Two 256kx16bit SRAM memory is used in diy_de2. The read and write operations of SRAM are relatively simple. The operations can be divided into hardware debugging and software debugging.
Debugging environment: Quartus II 9.0 + niosii 9.0
1. hardware debugging
That is to say, the simplest way to read and write the SRAM is to build the SRAM project and read the SRAM project respectively. First, write the SRAM. when the power is continuously on, read the SRAM. Finally, use SignalTap II to observe the value on the data line. This methodProgramIt is relatively simple, but the operation is a little more complicated.
Write Program:
module sram_hr (// host data
clock_50,
led,
/SRAM
sram1_d,
sram1_a,
sram1_ub,
sram1_lb,
sram1_we,
sram1_ce,
sram1_oe
);
// host side
input clock_50;
// SRAM side
inout [] sram1_d;
output [] sram1_a;
output sram1_ub,
sram1_lb,
sram1_we,
sram1_ce,
sram1_oe;
output Reg [] led;
Reg [15: 0] idata;
Reg [17: 0] iaddr;
Wire [15:0] odata;
Reg iwe_n;
Wire ioe_n;
Wire ice_n, iclk;
Wire [1:0] ibe_n;
Assign sramaded = sramadewe? 16 'hzzzz: idata;
Assign odata = sram1_d;
Assign sram1_a = iaddr;
Assign sram1_we = iwe_n;
Assign sram1_oe = ioe_n;
Assign sram1_ce = ice_n;
Assign sram1_ub = ibe_n [1];
Assign sram1_lb = ibe_n [0];
Assign ibe_n = 2' B00;
Assign ice_n = 1' B0;
Assign ioe_n = 1' B0;
Always @ (posedge clock_50)
Begin
Iwe_n <= 1' B0; // we signal low, write SRAM
Idata <= 16 'hffaa; // send the value to be written to the data register.

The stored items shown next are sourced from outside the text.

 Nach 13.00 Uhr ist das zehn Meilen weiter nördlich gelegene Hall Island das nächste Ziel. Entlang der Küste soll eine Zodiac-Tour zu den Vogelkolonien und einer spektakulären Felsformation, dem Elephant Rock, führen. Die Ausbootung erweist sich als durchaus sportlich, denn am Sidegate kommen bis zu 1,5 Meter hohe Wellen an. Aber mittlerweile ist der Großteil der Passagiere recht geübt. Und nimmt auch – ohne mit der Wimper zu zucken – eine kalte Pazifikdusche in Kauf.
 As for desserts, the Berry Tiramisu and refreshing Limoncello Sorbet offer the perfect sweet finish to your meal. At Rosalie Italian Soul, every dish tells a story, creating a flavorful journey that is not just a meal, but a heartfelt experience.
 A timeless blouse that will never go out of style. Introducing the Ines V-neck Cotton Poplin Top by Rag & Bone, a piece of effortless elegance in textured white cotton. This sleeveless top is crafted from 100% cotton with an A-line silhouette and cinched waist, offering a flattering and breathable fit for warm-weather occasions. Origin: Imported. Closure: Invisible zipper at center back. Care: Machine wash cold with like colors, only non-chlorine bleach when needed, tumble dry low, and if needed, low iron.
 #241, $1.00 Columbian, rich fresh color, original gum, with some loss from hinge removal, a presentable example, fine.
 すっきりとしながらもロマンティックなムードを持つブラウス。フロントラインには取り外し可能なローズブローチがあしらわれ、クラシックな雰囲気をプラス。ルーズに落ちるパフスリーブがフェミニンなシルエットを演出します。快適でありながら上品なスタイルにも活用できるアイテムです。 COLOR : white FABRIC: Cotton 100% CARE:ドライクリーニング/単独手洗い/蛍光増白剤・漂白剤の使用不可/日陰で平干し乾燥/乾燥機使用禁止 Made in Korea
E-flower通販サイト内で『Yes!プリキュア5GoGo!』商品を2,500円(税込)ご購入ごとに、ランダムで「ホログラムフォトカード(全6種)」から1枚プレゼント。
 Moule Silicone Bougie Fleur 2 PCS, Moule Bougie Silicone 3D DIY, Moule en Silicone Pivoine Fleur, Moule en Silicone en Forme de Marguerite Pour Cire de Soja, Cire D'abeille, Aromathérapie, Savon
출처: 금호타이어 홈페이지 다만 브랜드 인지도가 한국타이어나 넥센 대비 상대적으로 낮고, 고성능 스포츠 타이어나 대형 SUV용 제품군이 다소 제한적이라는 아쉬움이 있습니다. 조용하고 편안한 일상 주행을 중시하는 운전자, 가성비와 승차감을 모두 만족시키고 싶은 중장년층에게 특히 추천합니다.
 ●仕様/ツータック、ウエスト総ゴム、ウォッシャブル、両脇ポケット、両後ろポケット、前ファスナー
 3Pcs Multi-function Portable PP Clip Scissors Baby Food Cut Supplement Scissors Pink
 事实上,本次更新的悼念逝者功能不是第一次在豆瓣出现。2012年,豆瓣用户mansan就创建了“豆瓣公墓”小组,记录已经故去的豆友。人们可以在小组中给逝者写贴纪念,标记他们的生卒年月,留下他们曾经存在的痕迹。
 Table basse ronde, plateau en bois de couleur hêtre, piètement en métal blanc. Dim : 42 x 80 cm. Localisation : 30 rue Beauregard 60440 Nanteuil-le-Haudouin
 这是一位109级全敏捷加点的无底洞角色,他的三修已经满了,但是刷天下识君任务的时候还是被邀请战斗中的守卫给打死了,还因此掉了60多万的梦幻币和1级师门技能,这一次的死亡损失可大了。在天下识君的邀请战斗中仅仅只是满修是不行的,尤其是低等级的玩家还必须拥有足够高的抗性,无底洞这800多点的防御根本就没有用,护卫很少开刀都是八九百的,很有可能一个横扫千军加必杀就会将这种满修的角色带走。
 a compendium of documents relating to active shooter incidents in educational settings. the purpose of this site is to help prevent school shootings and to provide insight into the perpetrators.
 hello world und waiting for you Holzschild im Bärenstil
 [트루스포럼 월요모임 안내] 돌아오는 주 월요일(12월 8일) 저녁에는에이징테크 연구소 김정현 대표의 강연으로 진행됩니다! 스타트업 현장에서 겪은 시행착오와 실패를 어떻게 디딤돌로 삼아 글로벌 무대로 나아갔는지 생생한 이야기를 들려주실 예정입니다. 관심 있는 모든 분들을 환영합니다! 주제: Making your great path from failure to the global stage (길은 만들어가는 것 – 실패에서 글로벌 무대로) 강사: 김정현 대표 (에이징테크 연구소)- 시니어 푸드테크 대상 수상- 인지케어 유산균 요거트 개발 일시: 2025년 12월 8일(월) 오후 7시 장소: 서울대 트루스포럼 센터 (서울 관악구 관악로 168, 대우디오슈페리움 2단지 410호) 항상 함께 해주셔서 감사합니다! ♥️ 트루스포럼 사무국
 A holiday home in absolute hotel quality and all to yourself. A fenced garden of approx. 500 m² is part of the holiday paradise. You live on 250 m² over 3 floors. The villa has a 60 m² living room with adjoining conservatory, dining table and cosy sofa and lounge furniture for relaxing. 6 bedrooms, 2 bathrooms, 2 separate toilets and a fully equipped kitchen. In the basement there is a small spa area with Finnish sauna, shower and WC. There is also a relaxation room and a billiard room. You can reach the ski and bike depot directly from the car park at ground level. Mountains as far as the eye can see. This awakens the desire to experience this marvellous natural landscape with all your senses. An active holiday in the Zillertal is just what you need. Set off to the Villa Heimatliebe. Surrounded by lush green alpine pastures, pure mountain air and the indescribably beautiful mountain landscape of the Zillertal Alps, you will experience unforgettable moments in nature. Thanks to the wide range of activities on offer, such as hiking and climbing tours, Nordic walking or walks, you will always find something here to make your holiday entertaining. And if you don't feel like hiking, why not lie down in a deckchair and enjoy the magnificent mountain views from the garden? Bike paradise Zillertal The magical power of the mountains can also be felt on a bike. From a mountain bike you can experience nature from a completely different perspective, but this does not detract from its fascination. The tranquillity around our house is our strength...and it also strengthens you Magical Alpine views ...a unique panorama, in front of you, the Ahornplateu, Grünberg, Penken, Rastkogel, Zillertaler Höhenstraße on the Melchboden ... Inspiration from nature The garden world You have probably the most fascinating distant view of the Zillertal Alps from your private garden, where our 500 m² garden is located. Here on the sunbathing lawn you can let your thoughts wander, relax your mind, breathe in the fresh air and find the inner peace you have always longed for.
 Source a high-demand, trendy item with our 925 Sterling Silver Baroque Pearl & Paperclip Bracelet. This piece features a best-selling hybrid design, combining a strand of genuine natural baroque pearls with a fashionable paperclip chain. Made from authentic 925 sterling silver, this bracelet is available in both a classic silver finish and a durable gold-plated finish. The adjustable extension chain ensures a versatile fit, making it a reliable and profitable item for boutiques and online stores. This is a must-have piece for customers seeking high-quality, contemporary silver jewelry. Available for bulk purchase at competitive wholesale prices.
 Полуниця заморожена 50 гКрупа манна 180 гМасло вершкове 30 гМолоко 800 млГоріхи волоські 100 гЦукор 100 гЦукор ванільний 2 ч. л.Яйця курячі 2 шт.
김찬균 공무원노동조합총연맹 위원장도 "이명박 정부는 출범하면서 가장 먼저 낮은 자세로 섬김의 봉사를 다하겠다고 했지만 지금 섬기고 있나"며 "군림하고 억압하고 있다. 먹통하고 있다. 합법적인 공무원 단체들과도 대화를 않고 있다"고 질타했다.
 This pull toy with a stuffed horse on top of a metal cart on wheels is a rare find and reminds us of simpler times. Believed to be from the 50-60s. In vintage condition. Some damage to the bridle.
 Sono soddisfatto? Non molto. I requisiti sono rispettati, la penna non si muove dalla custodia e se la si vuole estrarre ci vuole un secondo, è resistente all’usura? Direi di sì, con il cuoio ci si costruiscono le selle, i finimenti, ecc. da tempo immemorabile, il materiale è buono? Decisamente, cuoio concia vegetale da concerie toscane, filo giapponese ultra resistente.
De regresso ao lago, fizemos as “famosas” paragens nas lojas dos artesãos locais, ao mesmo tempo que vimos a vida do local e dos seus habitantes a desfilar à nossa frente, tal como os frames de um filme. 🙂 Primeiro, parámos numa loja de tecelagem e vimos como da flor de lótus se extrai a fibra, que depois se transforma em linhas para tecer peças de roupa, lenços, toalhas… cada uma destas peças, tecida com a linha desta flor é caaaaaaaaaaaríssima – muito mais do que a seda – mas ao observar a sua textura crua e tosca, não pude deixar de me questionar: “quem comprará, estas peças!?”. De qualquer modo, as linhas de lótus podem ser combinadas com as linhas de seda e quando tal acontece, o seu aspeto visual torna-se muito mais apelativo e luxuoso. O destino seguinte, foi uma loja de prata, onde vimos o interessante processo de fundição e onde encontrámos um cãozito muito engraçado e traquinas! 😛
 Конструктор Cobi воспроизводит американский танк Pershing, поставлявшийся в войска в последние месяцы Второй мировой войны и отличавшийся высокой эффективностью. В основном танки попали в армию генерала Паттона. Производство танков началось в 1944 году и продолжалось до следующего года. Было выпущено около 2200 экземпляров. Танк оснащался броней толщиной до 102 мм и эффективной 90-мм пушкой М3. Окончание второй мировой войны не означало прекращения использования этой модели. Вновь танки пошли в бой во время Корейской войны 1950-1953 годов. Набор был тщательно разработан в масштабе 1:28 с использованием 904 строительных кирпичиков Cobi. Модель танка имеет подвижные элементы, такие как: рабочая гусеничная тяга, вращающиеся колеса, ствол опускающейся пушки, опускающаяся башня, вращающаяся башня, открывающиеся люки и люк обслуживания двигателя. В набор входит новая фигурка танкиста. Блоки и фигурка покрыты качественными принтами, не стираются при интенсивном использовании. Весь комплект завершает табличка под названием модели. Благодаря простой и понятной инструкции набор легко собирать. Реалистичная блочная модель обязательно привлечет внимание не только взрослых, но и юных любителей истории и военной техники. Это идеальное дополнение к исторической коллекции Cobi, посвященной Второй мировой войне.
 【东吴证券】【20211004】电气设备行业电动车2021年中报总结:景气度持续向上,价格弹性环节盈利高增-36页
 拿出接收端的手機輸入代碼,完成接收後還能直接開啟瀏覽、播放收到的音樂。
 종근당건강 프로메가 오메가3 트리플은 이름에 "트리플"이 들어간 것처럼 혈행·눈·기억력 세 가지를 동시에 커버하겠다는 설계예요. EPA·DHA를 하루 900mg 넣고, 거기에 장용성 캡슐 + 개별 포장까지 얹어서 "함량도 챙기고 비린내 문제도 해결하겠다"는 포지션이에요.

The minimum 4 bits is 4'h5 (or 4' b0101 ),
// Therefore, the minimum 4 bits written into the SRAM data line are sram_dq [3] = 0; sram_dq [2] = 1; // sram_dq [1] = 0; sram_dq [0] = 1;
Iaddr <= 18 'h00001; // address to write
// Led <= odata [7: 0];
End
Endmodule
Read program:
module sram_hr (// host data
clock_50,
led,
/SRAM
sram1_d,
sram1_a,
sram1_ub,
sram1_lb,
sram1_we,
sram1_ce,
sram1_oe
);
// host side
input clock_50;
// SRAM side
inout [] sram1_d;
output [] sram1_a;
output sram1_ub,
sram1_lb,
sram1_we,
sram1_ce,
sram1_oe;
output Reg [] led;
Reg [15: 0] idata;
Reg [17: 0] iaddr;
Wire [15:0] odata;
Reg iwe_n;
Wire ioe_n;
Wire ice_n, iclk;
Wire [1:0] ibe_n;
Assign sramaded = sramadewe? 16 'hzzzz: idata;
Assign odata = sram1_d;
Assign sram1_a = iaddr;
Assign sram1_we = iwe_n;
Assign sram1_oe = ioe_n;
Assign sram1_ce = ice_n;
Assign sram1_ub = ibe_n [1];
Assign sram1_lb = ibe_n [0];
Assign ibe_n = 2' B00;
Assign ice_n = 1' B0;
Assign ioe_n = 1' B0;
Always @ (posedge clock_50)
Begin
Iwe_n <= 1' B1; // we signal low, write SRAM
// Idata <= 16 'hffaa; // send the value to be written to the data register. The minimum value is 4'h5 (or 4' b0101 ),
// Therefore, the minimum 4 bits written into the SRAM data line are sram_dq [3] = 0; sram_dq [2] = 1; // sram_dq [1] = 0; sram_dq [0] = 1;
Iaddr <= 18 'h00001; // address to write
Led <= odata [7: 0];
End
Endmodule
The above is the read/write SRAM, And the read value is assigned to the LED. In addition, you can use the built-in simulation tool SignalTap II in Quartus II to observe the data on the SRAM data bus.
2. Software Debugging
This refers to the test of SRAM by using the niosii soft core. There are two methods:
1. Download the soft core to the SRAM. If it can be downloaded and the program runs normally, the SRAM will be normal;
2. Download the soft core to other memory to perform read and write operations on the SRAM. If the read and write data is normal, the SRAM is normal.
PS: Both hardware debugging and software debugging projects have uploaded attachments.